Leave out the pictures and transcribe the rest of the records exactly.

## Material shown
[Start of Attachment]

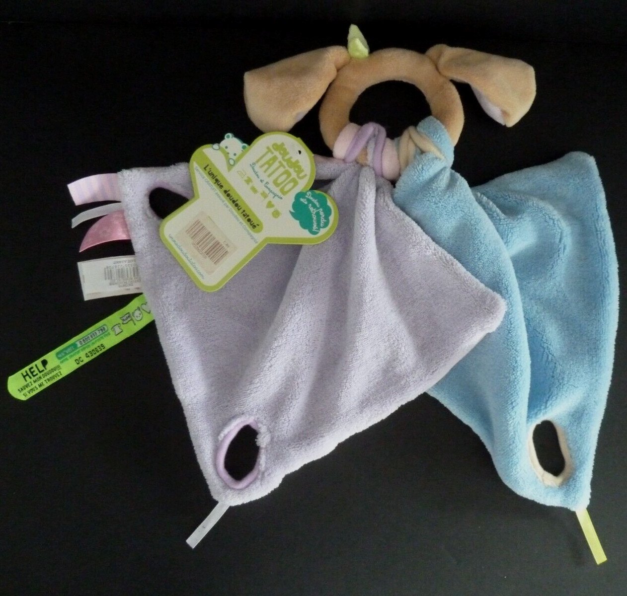TT. DOUDOU ET COMPAGNIE PLAT CHIEN LAPIN TATOO poignée rose mauve bleu 100% NEUF
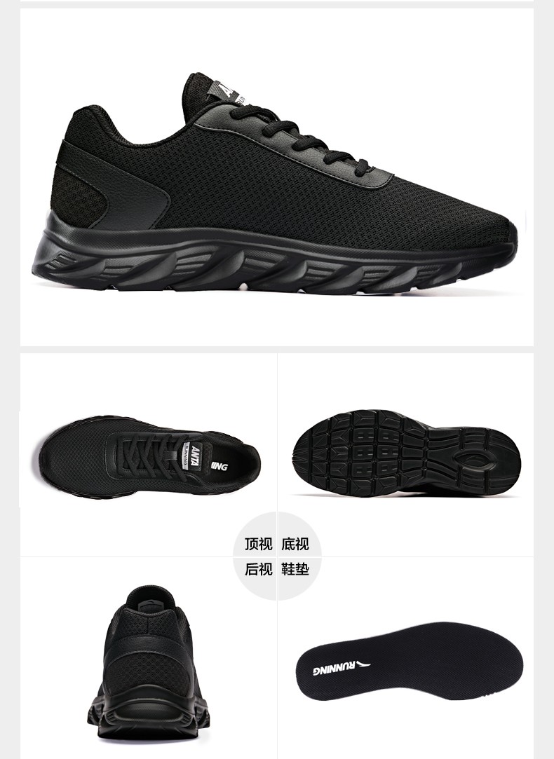 安踏男鞋皮网面运动鞋男2020夏季黑色轻便透气跑步鞋网鞋学生运动休闲鞋男士户外旅游鞋子官方店 (透气网面)黑色 男42码
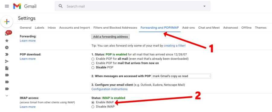 Откройте Gmail Параметры, переключить на Пересылка и POP / IMAP вкладку и включите IMAP, как показано ниже.:
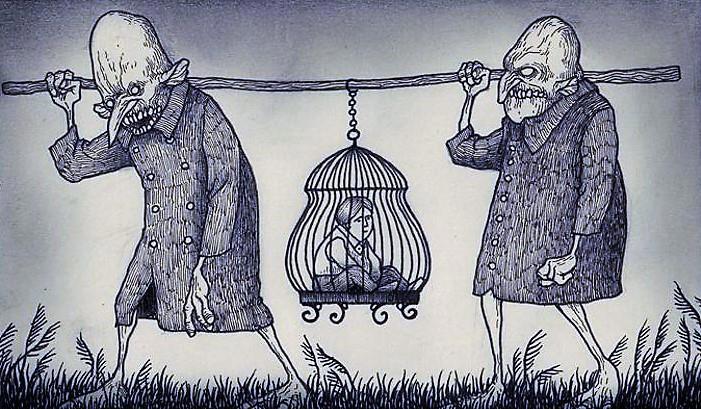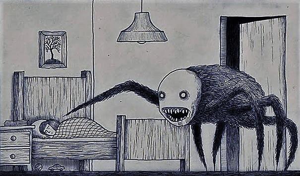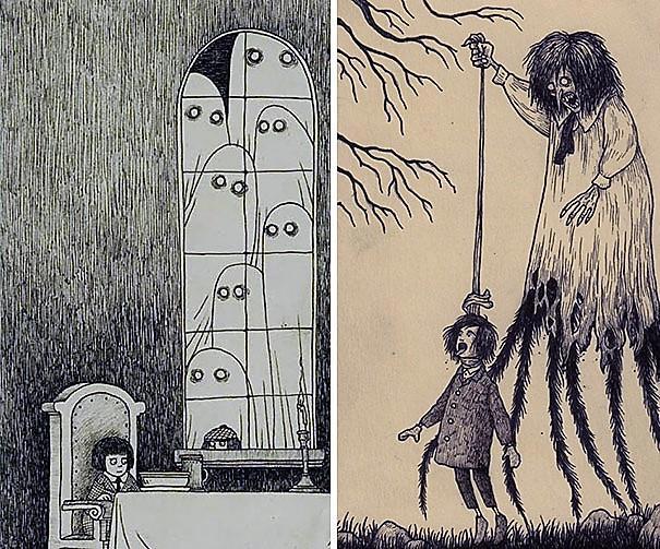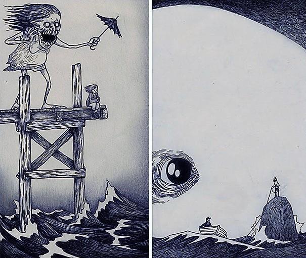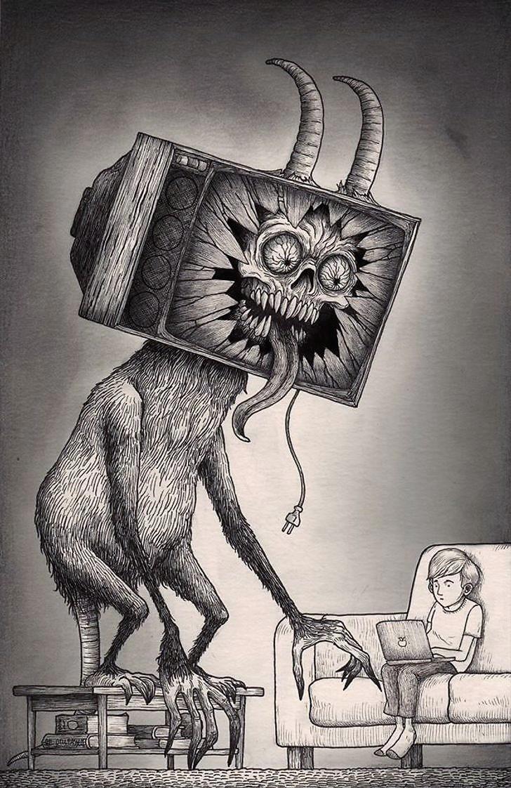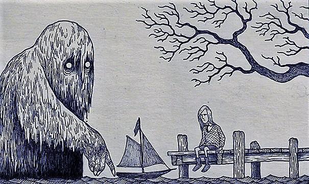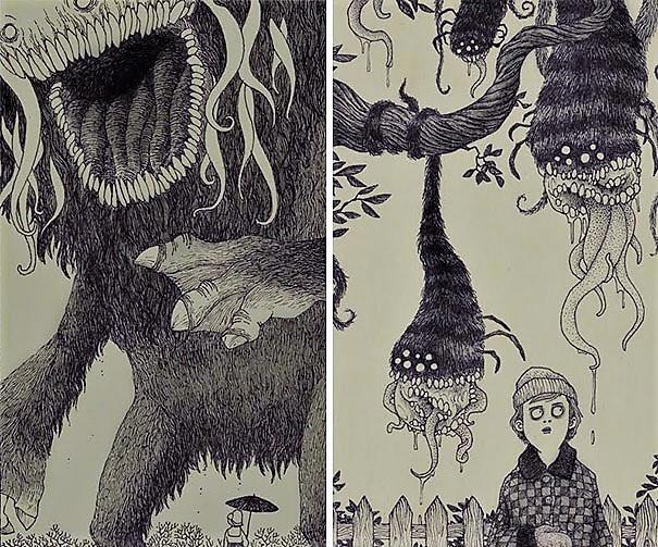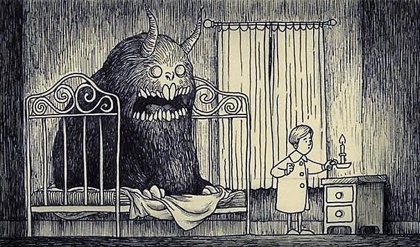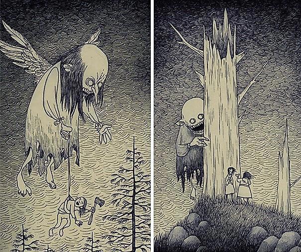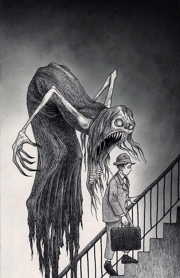 Автор: Мари ПяткинаОчень люблю простые рисунки Йона Кенна Мортенсена. Почему-то меня завораживает это смешное пополам со страшным; эти кусочки одинаково кошмарных снов и явей несчастных, беспомощных обывателей, где чудища, при всей их несерьёзности, выглядят реально, узнаваемо и предельно зловеще.
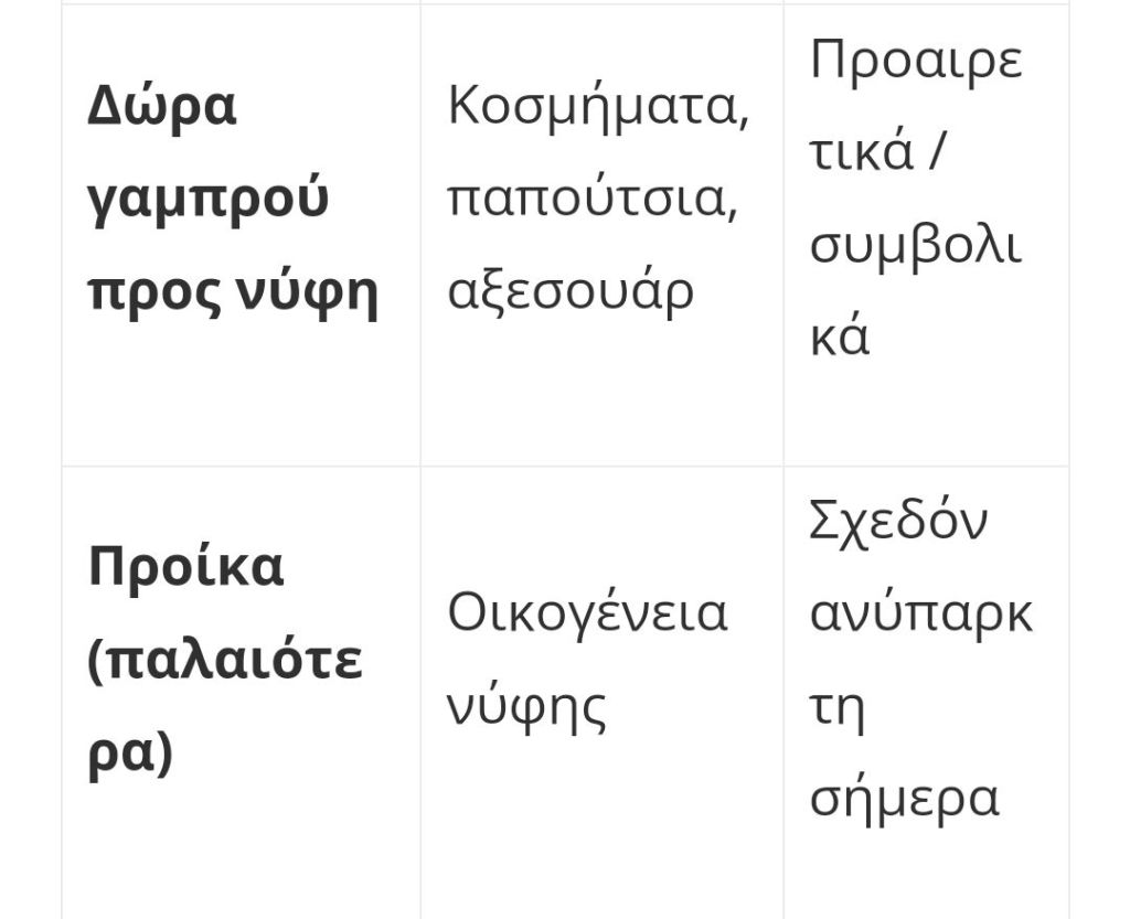 - Προίκα (παλαιότερα, σήμερα σπανιότερα)

[End of Attachment]

## Solution
TT. DOUDOU ET COMPAGNIE PLAT CHIEN LAPIN TATOO poignée rose mauve bleu 100% NEUF
 安踏男鞋皮网面运动鞋男2020夏季黑色轻便透气跑步鞋网鞋学生运动休闲鞋男士户外旅游鞋子官方店 (透气网面)黑色 男42码
 Откройте Gmail Параметры, переключить на Пересылка и POP / IMAP вкладку и включите IMAP, как показано ниже.:
 Автор: Мари ПяткинаОчень люблю простые рисунки Йона Кенна Мортенсена. Почему-то меня завораживает это смешное пополам со страшным; эти кусочки одинаково кошмарных снов и явей несчастных, беспомощных обывателей, где чудища, при всей их несерьёзности, выглядят реально, узнаваемо и предельно зловеще.
 - Προίκα (παλαιότερα, σήμερα σπανιότερα)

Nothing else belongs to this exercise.